CTranslate2: a bunch of new features to start 2022

Hi there!

I’d like to post an update about recent additions to CTranslate2. The last similar post was in June 2021 when we released the version 2.0, so I figured it would be interesting to summarize the latest changes. It turns out there are many!

Python wheels for Windows and Linux ARM

In addition to Linux and macOS, we now also build and publish Python wheels for Windows and Linux ARM. The Windows wheels have the same level of features as the Linux ones, including GPU support.

Converter for Marian models and the collection 1000+ pretrained models from OPUS-MT

By design, CTranslate2 can run models trained by different NMT toolkits. We added a converter for Marian, in particular to make the 1000+ pretrained models from OPUS-MT usable in CTranslate2. The conversion is easy and does not require additional dependencies:

ct2-opus-mt-converter --model_dir opus_model --output_dir ct2_model

(If you are using one of these pretrained models in your application, make sure to respect their CC BY 4.0 license.)

This work also enables proper performance benchmarks with Marian as we can compare the translation speed using exactly the same model. See the benchmark table for a comparison (tl;dr: CTranslate2 is faster and uses much less memory).

M2M-100 multilingual model

Similarly, we extended the Fairseq converter to support the M2M-100 multilingual model. Check out this tutorial by @ymoslem for how to convert and use this model.

Methods to score existing translations

Scoring is sometimes used in the model training procedure, for example to filter the training data, so there are benefits in making this task fast.

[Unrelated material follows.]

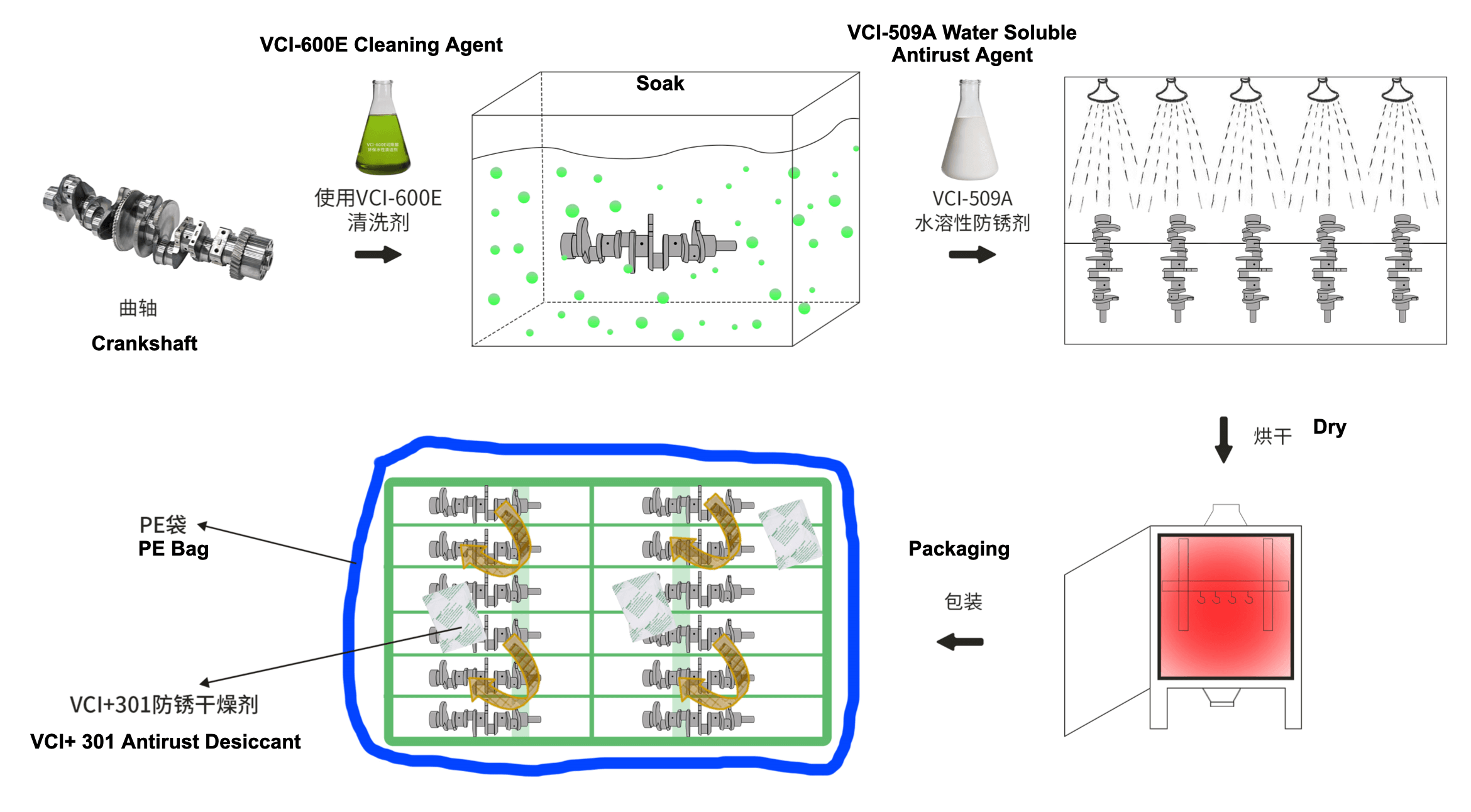 4. Coloque dessecantes antiferrugem VCI-301 nos sacos PE do virabrequim.

We added the methods Translator.score_batch and Translator.score_file.

Source factors (a.k.a. source features)

Models trained with source factors are now supported since it was requested multiple times. To simplify their integration, the source factors should be attached to the tokens directly. There is no separate argument.

In API:

translator.translate_batch([["hello│C", "world│L", "!│N"]])

In text file:

hello│C world│L !│N

There is an error if the number of factors does not match what the model expects.

Asynchronous translations from Python

You can now run asynchronous translations from Python. In this mode, Translator.translate_batch returns immediately and you can retrieve the results later:

async_results = translator.translate_batch(batch, asynchronous=True)
async_results[0].result()  # This method blocks until the result is available.

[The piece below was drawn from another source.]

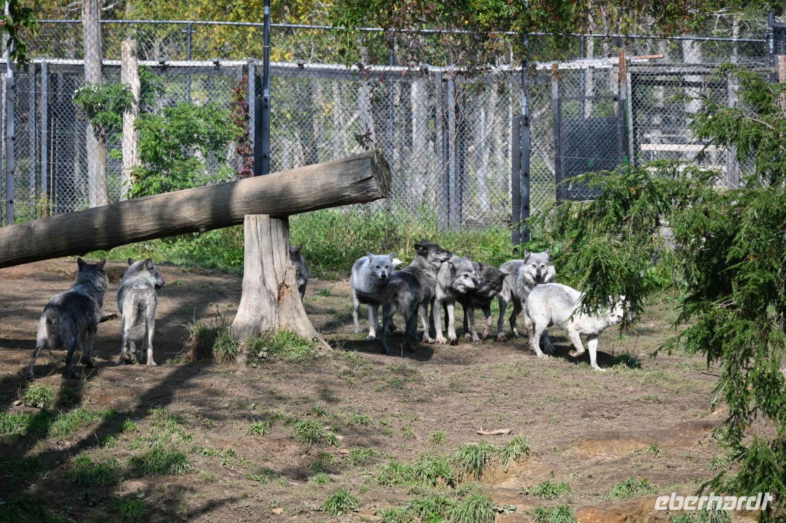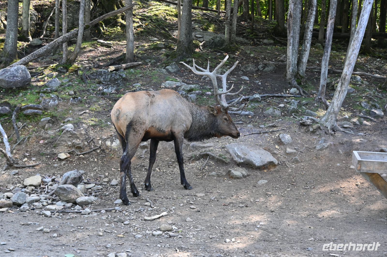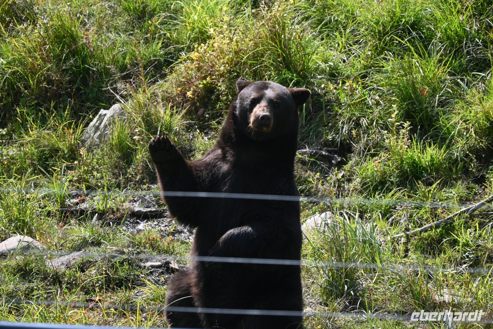 Überpünktlich sind wir heute bei unserem ersten Ausflug. Zwischen Ottawa und Montreal liegt der Omega Park. Mit einer Art Safaribus haben wir hier die Möglichkeit, die Tiere in ihrem natürlichen Lebensraum zu beobachten. Leider wurde unserem Fahrer des Parks die falsche Abfahrtszeit mitgeteilt und so starten wir leider verspätet. Als er endlich da ist, sind alle schnell im Bus. Wir werden mit Möhren ausgestattet und schon geht es los. Auf einem 15 Kilometer Rundweg erwarten uns hungrige Wapitis, obwohl schon zwei Busse vor uns in den Park gefahren sind, ist der Hunger nach Möhren anscheinend noch nicht gestillt. Der Wildpark hat eine Größe von 2200 Hektar mit ungefähr 600 Tieren. Es gibt Wildschweine, Schwarzbären, Biber, Füchse und auch Elche. Alles Tiere, die hier in Kanada heimisch oder eingewandert sind.

Asynchronous translation is also one way to benefit from inter_threads or multi-GPU parallelism.

New translation options

Some new translation options were added:

  • disable_unk: disallow the generation of the <unk> token.
  • max_input_length: truncate the inputs after this many tokens in order to limit the maximum memory usage (1024 by default).
  • repetition_penalty: penalize the tokens that were already generated as described in Keskar et al. 2019.

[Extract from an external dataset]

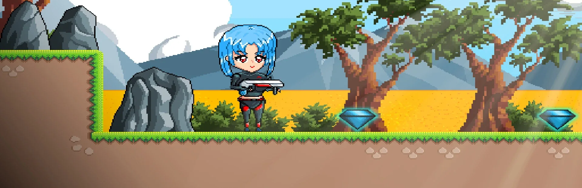 Mika's Battle S is a 2D platform action game based on the story of a warrior who has been commanded to defend Sunshineland territory against the attacks from the enemy soldiers belonging to the Rogho Corporation.

Performance and correctness improvements

And of course, we are always looking to further increase the translation speed and reduce the memory usage. Since version 2.0, many small optimizations were implemented especially on GPU:

image

We also improved the correctness of the quantization formula. The impact is very subtle but the numerical results are more accurate. The new formula is only used for models converted after version 2.12.


What’s next?

I feel like language models, especially generative language models, are a natural continuation for this project. Technically the model support is there, but I would need to think about an integration that makes sense.

What are your ideas for CTranslate2? Is there anything you would like to see improved or think is missing from the current implementation? Thanks!

8 Likes

Thanks a lot, Guillaume, for all these great efforts and updates!

How would you approach this? Do you mean you can for example take a crawled corpus, and filter out bad translations that way?

For the record, here is a snippet of code (the same tokenization/sub-wording of the scoring model should be used).

import ctranslate2

translator = ctranslate2.Translator("fr_en_model_dir")
scores = translator.score_batch([["merci", "beaucoup"]], [["thanks", "a", "lot"]])

Example output of scores:

[[-11.929224014282227, -7.074151039123535, -9.238308906555176]]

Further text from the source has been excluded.